EXTRACTED INFORMATION: Begin
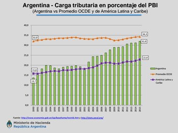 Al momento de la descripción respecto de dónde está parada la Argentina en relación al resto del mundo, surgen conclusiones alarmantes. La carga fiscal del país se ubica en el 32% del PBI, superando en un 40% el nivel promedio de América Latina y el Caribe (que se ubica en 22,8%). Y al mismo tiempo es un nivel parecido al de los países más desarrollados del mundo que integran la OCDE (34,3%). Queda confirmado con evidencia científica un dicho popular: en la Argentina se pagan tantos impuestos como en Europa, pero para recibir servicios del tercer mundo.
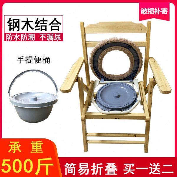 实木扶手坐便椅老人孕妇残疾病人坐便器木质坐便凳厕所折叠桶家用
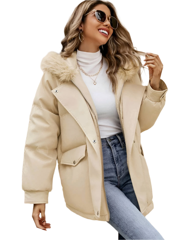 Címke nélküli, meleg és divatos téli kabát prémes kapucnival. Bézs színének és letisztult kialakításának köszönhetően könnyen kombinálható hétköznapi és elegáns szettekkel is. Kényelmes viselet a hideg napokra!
EXTRACTED INFORMATION: End
EXTRACTED INFORMATION: Begin
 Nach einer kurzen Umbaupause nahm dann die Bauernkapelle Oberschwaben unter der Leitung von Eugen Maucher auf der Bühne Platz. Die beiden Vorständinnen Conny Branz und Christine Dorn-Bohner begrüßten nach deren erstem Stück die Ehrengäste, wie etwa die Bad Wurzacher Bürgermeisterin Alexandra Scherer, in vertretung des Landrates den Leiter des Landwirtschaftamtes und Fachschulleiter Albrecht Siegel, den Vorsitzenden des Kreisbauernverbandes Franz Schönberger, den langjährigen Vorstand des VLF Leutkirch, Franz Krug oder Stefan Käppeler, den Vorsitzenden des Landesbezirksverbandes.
EXTRACTED INFORMATION: End
EXTRACTED INFORMATION: Begin
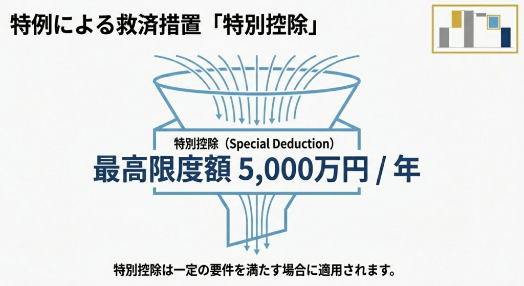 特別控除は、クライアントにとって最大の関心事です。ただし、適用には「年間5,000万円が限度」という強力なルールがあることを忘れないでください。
EXTRACTED INFORMATION: End
▶ **WORK INSTRUCTION**: Copy the lines above exactly, starting with the line that contains "Al momento de" and ending with the line that contains "Címke nélküli, meleg", and leave out any pictures.

▶ **PROBLEM SOLUTION**:
 Al momento de la descripción respecto de dónde está parada la Argentina en relación al resto del mundo, surgen conclusiones alarmantes. La carga fiscal del país se ubica en el 32% del PBI, superando en un 40% el nivel promedio de América Latina y el Caribe (que se ubica en 22,8%). Y al mismo tiempo es un nivel parecido al de los países más desarrollados del mundo que integran la OCDE (34,3%). Queda confirmado con evidencia científica un dicho popular: en la Argentina se pagan tantos impuestos como en Europa, pero para recibir servicios del tercer mundo.
 实木扶手坐便椅老人孕妇残疾病人坐便器木质坐便凳厕所折叠桶家用
 Címke nélküli, meleg és divatos téli kabát prémes kapucnival. Bézs színének és letisztult kialakításának köszönhetően könnyen kombinálható hétköznapi és elegáns szettekkel is. Kényelmes viselet a hideg napokra!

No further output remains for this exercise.